Tax measures in other states within the past year have been met with reluctance.

Oregon voters in January defeated a proposed income tax increase for most residents that lawmakers said would have spared the state from making devastating cuts. The defeat came just months after Oregon voters approved a 60-cents-per-pack cigarette tax, with a portion of the funds dedicated to tobacco prevention.

"They had ... all kinds of groups band together to push this thing, but people remain skeptical. I imagine any kind of tax increase would be a similarly tough sell in California," said Portland pollster Tim Hibbitts.

A Washington state measure that failed in November would have raised gasoline taxes to help pay for transportation projects.

Still, the leader of a group that tracks national ballot measures said states are desperate to find ways to fill shortfalls.

"I have no doubt that you are going to continue to see lawmakers going to the people asking them for more money," said Dane Waters, president of the Virginia-based Initiative and Referendum Institute.

Voters are more likely to accept taxes when they are dedicated to a specific area, Waters said.

"The political reality is ... that voters are going to be very hesitant to increase taxes unless the voters can see specifically where that money is going to go," Waters said.

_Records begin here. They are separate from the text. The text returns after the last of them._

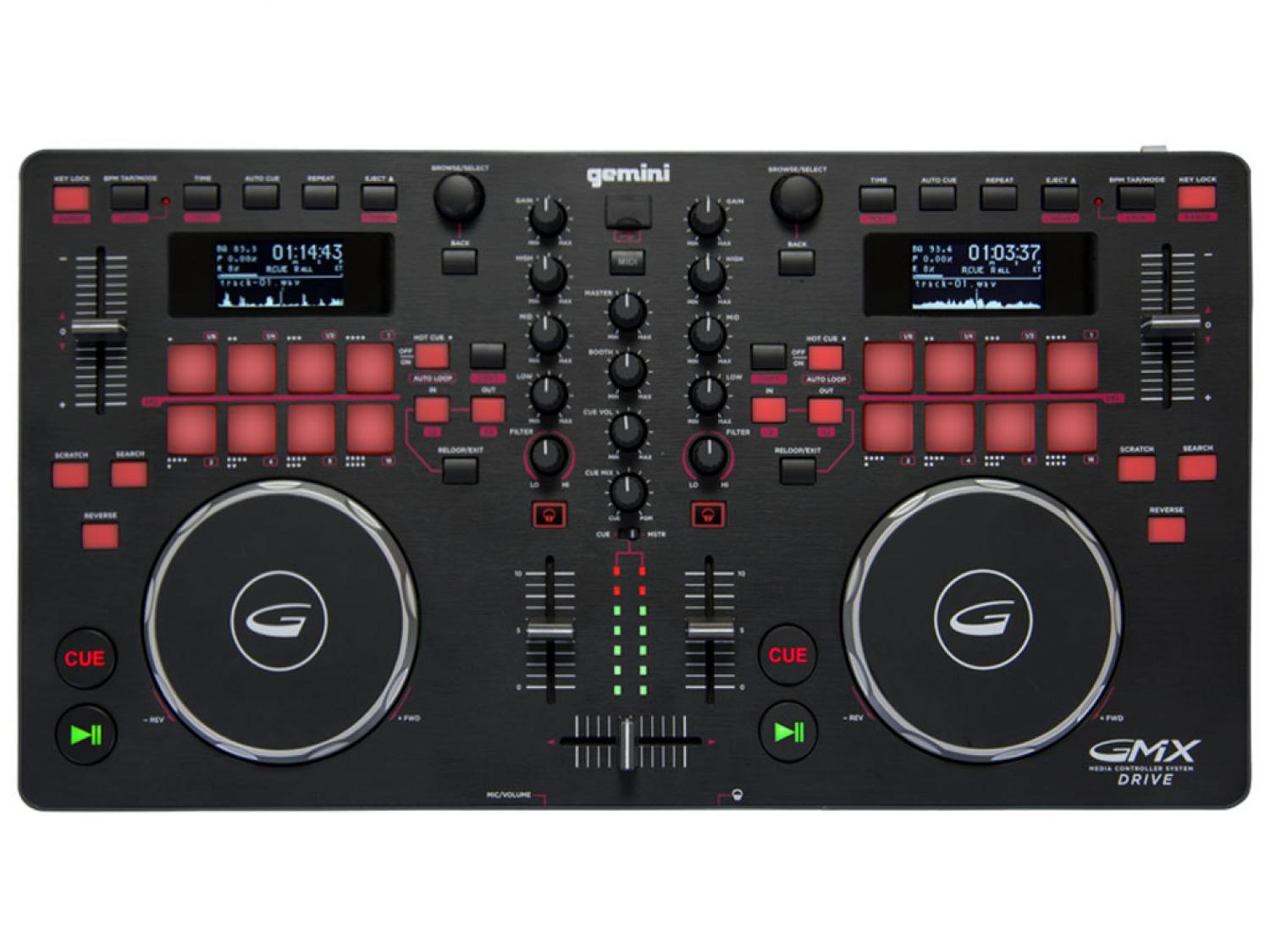 Il GMX DRIVE è un controller multimediale multi-formato per il DJ che vuole la possibilità di riprodurre tutti i tipi di musica digitale. I DJ possono riprodurre i brani da una singola unità USB, da una delle due unità CD slot-in, o da un computer portatile come un controller MIDI software versatile per Virtual DJ o altra applicazione host. Gli 8 grandi performance Pad per ciascun deck e le jog-wheel meccaniche di nuova concezione e sensibile al tocco, garantiscono un controllo ispirato e intuitivo, mentre il top lucido spazzolato, i display ad alto contrasto, ed i tasti funzione retroilluminati danno al GMX un aspetto professionale.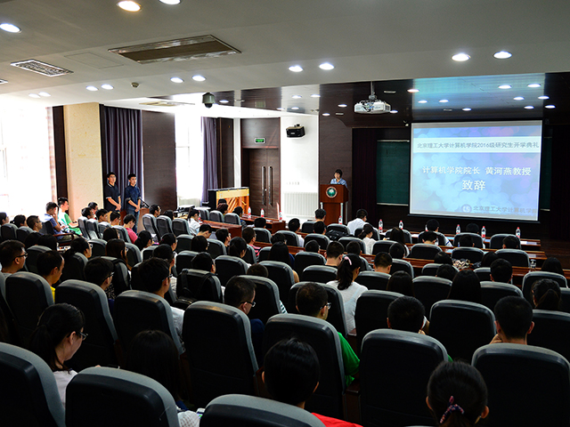 典礼在高昂雄壮的国歌声中拉开帷幕。黄河燕院长首先代表全院师生对2016级研究生新生的到来表示热烈欢迎。随后她结合人工智能研究的发展历程和AlphaGo“人机大战”案例,勉励同学们“人生在勤,勤则不匮”。黄院长指出,人生的所有成就皆需辛勤付出和长期的积累与坚持,只有经过量的积累才能达成质的飞跃。黄院长针对如何度过研究生阶段向新生们提出了具体建议和殷切期望。黄院长指出,同学们在选择目标时,应将前瞻急需与自己个性特长有机结合;在科研过程中,要做到求真务实、勇于创新,掌握科学的思想方法和研究方法;要做到持之以恒、锲而不舍,用坚定的学术追求来磨练学术品性并拓宽人生境界。黄院长勉励同学们团结合作、凝心聚力,取得创新性的科研成果。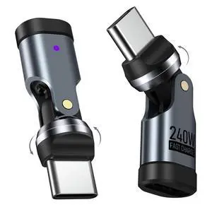 USB C Magnetic Adapter 240W(2Pack), 16PIN USB C 90 Degree Adapter/C Right Angle Adapters/360°Rotating C to C Adapters for 1Phone 17/16/15, 1Pad Series, Tablet, Laptop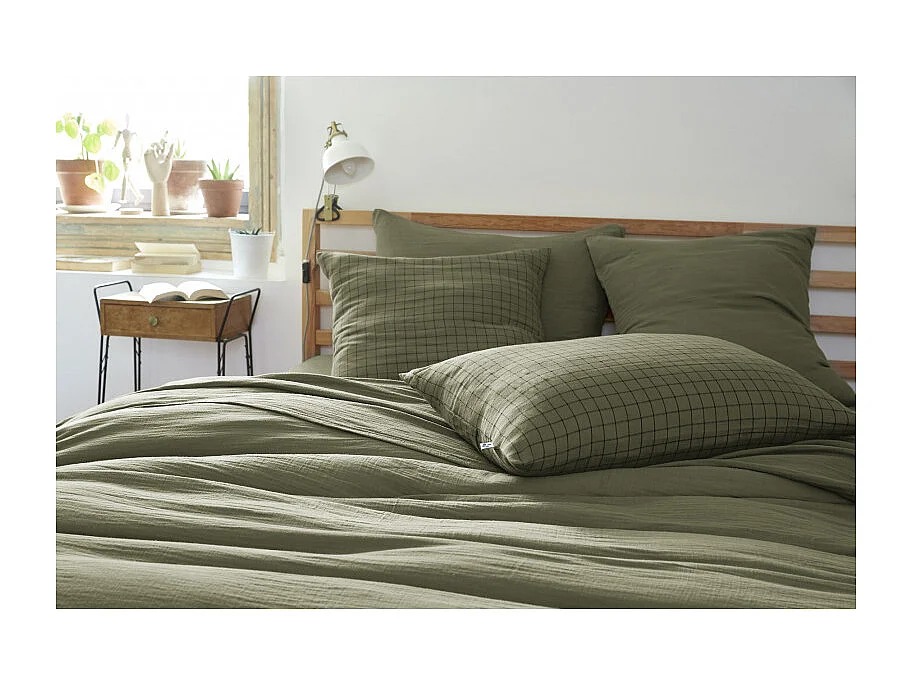 Taie d'oreiller Tissé-teint grands carreaux Déco "Gaïa Match" 60 x 60 cm & 50 x 70 cm "Gaze de Coton"

Ballot battles California voters over the past 25 years have given mixed reviews to a series of ballot measures to raise, cut or change their taxes.

1978: Proposition 13, placed strict limits on increases in property taxes. Approved.

1988: Proposition 99, imposed a 25-cent surtax on cigarettes and other tobacco products to raise money primarily for health programs. Approved.

1992: Proposition 163, repealed the "snack tax" and limited the taxation on certain food items. Approved.

1992: Proposition 167, a sweeping measure to increase taxes on top earners, corporations, banks, insurance companies and oil producers, amend Proposition 13 to assess nonresidential property taxes more often, and reduce sales taxes and provide renters tax credits. Rejected.

1992: Proposition 172, imposed a half-cent sales tax increase for local public safety. Approved.

1996: Proposition 217, to reinstate 10 and 11 percent tax brackets for the state's highest earners, with the money directed for schools and local governments. Rejected.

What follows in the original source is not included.